-- Bob Knakal, Chairman and CEO of BKREA and one of the most prolific investment sales brokers in U.S. history, has released a new guide titled “The Ultimate Guide to Selling User Buildings at a Premium in NYC.” The guide offers a rare look into why vacant buildings—especially those under 100,000 square feet—can often command higher prices than leased ones in Manhattan.
Get Access To The Guide Here https://www.bkrea.com/user-building-sales
Drawing on more than three decades of experience and nearly 1,000 completed sales, Knakal explains a unique market phenomenon: user buyers, or those who plan to occupy the space themselves, are willing to pay an average premium of 16 percent above what an investor might offer.
“Most people think a leased building is always worth more—but in Manhattan, that’s not always true,” said Knakal. “When users—like retailers or schools—see the right building, they’re willing to pay a premium for control, tax benefits, and long-term value. Our data shows that premium averages about 16 percent.”

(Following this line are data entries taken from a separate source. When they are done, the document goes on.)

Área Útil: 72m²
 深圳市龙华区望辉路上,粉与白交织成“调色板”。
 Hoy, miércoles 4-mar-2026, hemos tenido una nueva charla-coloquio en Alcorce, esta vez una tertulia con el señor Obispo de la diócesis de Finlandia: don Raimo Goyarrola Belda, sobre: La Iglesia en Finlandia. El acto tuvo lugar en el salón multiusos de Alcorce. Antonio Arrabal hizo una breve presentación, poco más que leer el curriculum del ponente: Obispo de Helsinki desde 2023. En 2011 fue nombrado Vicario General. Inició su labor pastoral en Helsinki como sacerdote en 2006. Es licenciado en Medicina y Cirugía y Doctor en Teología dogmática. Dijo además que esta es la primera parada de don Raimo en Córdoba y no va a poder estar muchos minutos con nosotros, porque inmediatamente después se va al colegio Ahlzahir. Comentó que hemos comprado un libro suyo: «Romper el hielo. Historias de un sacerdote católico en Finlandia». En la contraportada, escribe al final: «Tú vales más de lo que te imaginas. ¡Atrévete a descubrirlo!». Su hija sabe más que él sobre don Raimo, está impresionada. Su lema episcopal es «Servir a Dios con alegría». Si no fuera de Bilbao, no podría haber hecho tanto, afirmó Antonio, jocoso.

In the guide, Knakal explains that these user buyers value real estate differently. They are not focused solely on cash flow from tenants. Instead, they see ownership as a strategic advantage—providing brand control, privacy, depreciation tax benefits, and the ability to manage the space exactly how they want.
“A user buyer sees a building not just as real estate but as an extension of their mission or identity,” Knakal said. “That emotional and strategic value is what drives the premium.”

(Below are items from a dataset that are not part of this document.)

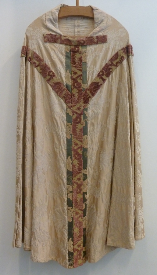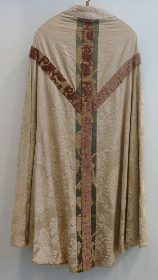 Wit kazuifel van zijdedamast met ingeweven florale motieven, met paars op groen gaffelkruis
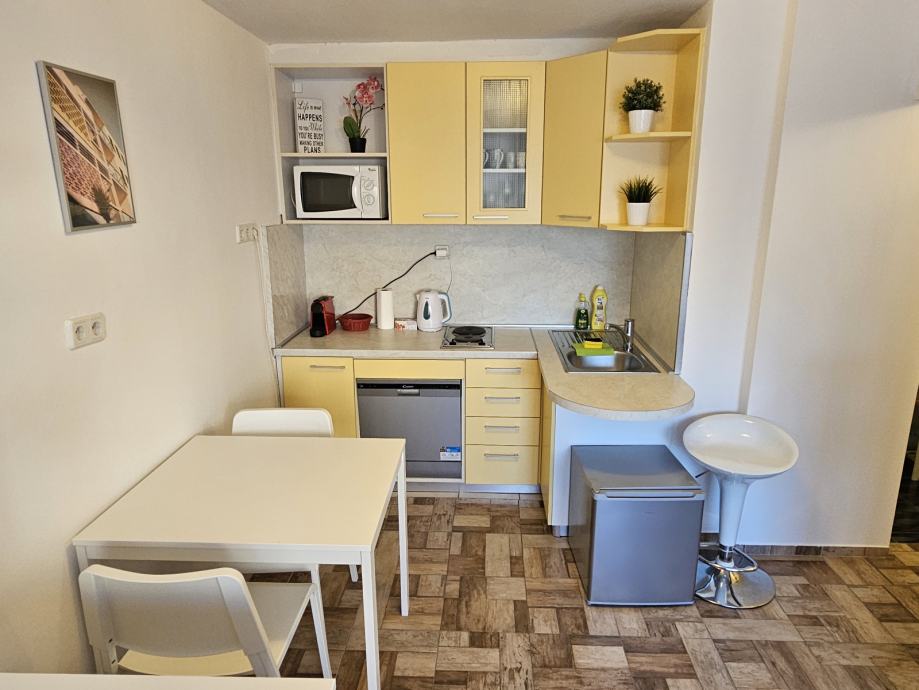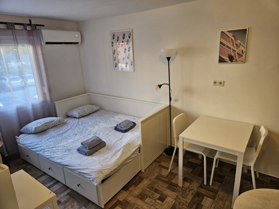 Iznajmljuje se garsonjera na 1. katu u zgradi na Prečkom. 1. min od tramvajske stanice, 50m od tržnice Prečko. Besplatan javni parking. U stanu se nalazi TV, električna grijalica, hladnjak, mikrovalna, ploća za kuhanje. Internet je dostupan na trošak najmoprimca. U stanu se nalazi posuđe i kompletna posteljina i ručnici.
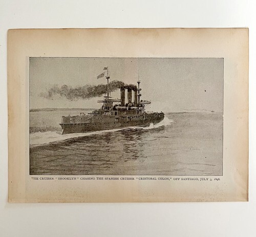 - Cruiser Brooklyn Chasing Cristobal Colon Santiago 1899 Victorian Print DWV7B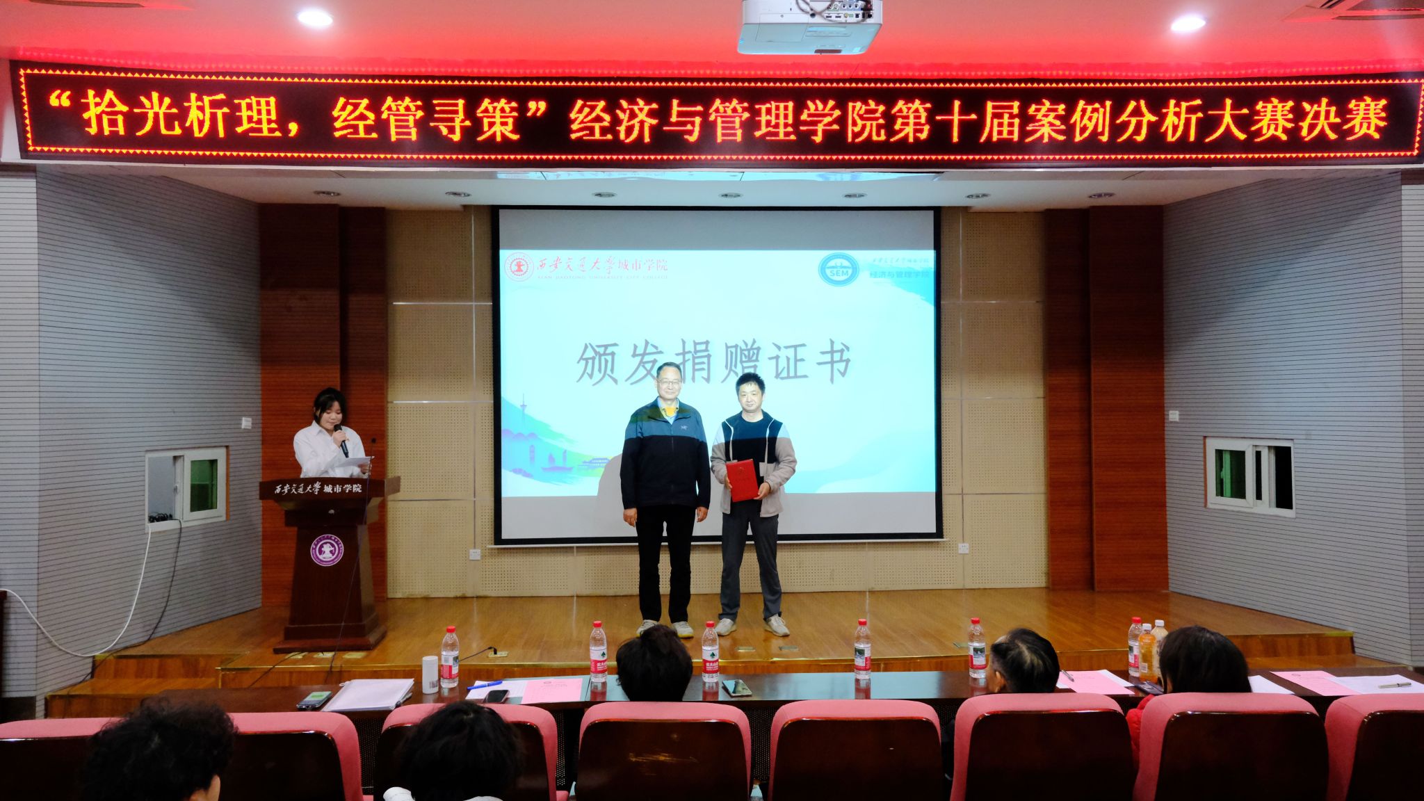 12月24日晚,经济与管理学院第十届“拾光析理,经管寻策”大学生案例分析大赛决赛举办。经过初赛、复赛的层层选拔,6支队伍脱颖而出进入决赛,展开精彩角逐。校长助理、财务处处长马江涛,经济与管理学院负责人及教师代表、学生代表参加活动。

The guide identifies the most active types of user buyers in New York City, including retailers, which account for over 20 percent of user building purchases, and educational institutions, which account for nearly 20 percent. Other active groups include corporations, religious organizations, non-profits, healthcare systems, and foreign governments.

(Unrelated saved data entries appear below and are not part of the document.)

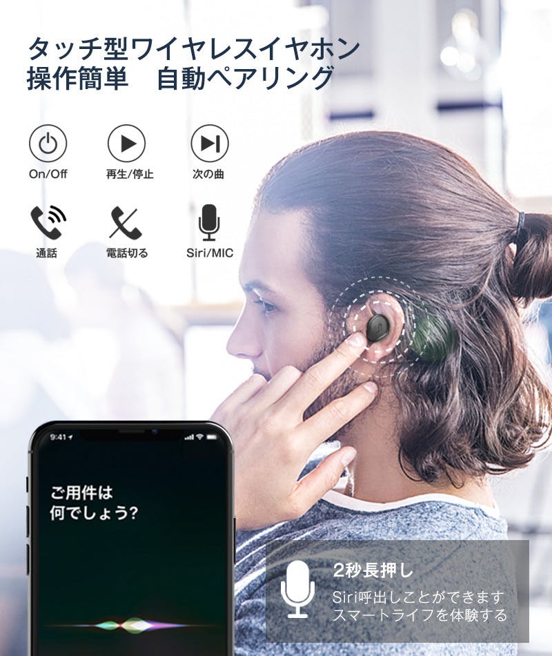 進化したタッチ式bluetoothイヤホン、耳元を軽くタッチするだけで、音楽再生/音量調整/一時停止、通話開始/終了/拒否/次の曲/Siri起動/リダイヤルなどの操作をすべて実現可能。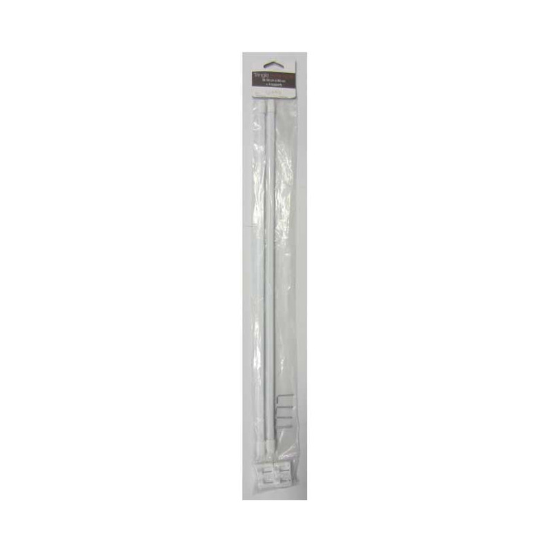 Tringle extensible blanche de 50 à 80 cm avec 4 supports.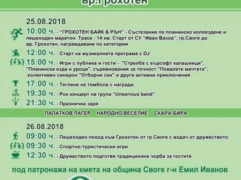 Традиционният събор ще бъде открит в неделя /26 август/ от 09:00 ч., с пешеходен поход към Грохотен от гр. Своге с водач от „Искърски пролом Своге“.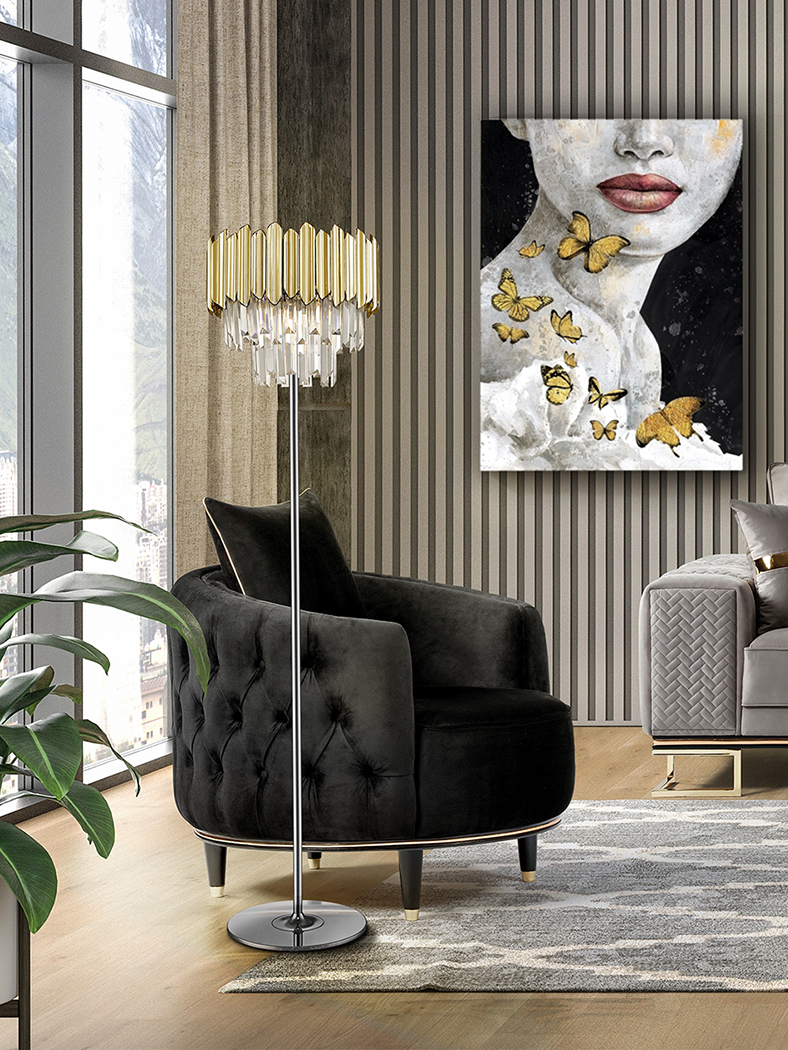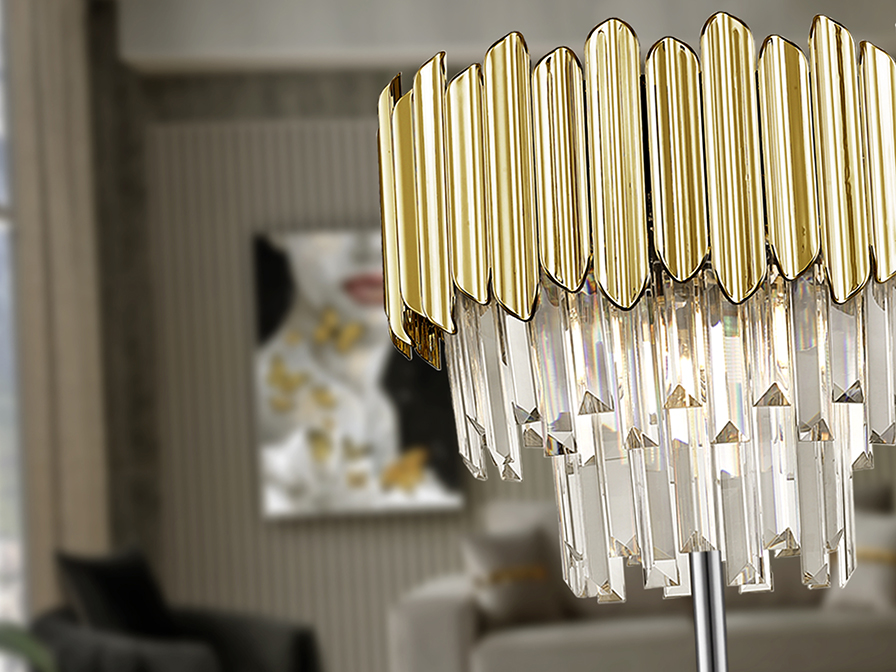 Piantana in metallo cromato. Paralume formato da prismi di vetro sfaccettato sormontati da abbellimenti in ABS dorato. QUESTO ARTICOLO INCLUDE 3 G9 LED 6W CODICE: 8435435336851 TEMPI DI CONSEGNA 15-30GG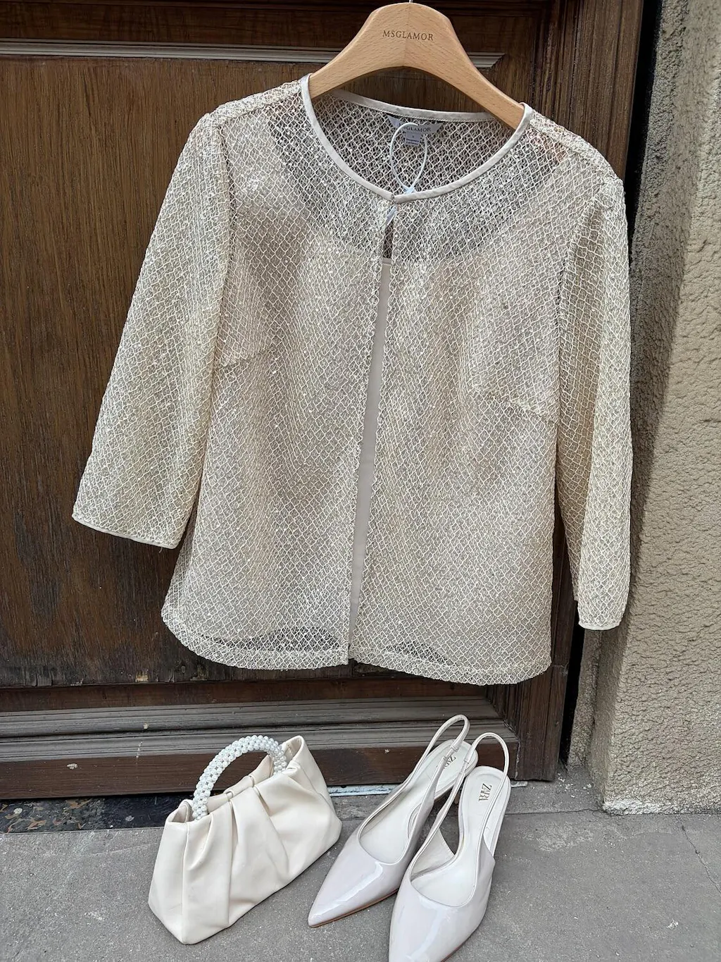 Sequin Mesh Round Neck 3/4 Sleeve Twinset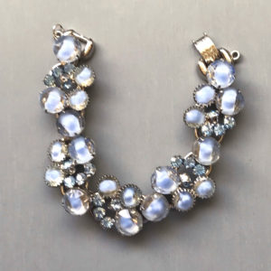 BRACELET of glowing glass moonstone cabochons and aqua blue rhinestones in a gold tone setting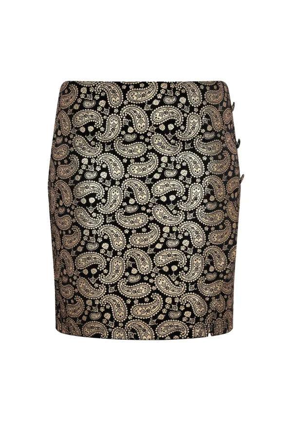 Deze rok is ontworpen met een gedetailleerd paisley-patroon, heeft een aansluitende tailleband en een rechte, losse pasvorm voor optimale bewegingsvrijheid. De lengte boven de knie wordt geaccentueerd door een zijsplit afgesloten met knoopjes. De zijdeachtige glans van de stof geeft het kledingstuk een elegante en verfijnde uitstraling. Rock

By using industry-segmented buyer lists and timing the market correctly, Knakal notes that sellers can reduce sales time and maximize value. He also emphasizes the importance of pricing strategies that reflect the user premium, allowing sellers to realize a higher-than-expected return.
The report is based on sales data from hundreds of real-world transactions and decades of market insight. According to Knakal, these deals prove that understanding buyer motivation is critical to success in the Manhattan user-building market.
Common questions are addressed in the report. The user premium is the extra price an end-user will pay to own and occupy a building, rather than lease or invest in it. These premiums exist because ownership offers benefits such as depreciation, operational control, and avoidance of lease uncertainty. User buyers are most commonly found among retailers, schools, non-profits, religious groups, and institutional organizations. The guide also suggests that sellers can find these buyers more efficiently by using segmented industry lists and tailored marketing efforts.
Ownership also comes with potential tax advantages, but Knakal advises consulting with tax professionals to understand individual benefits.
The guide serves as a practical resource for sellers looking to position their vacant buildings in front of the right buyers—and get paid a premium for doing so.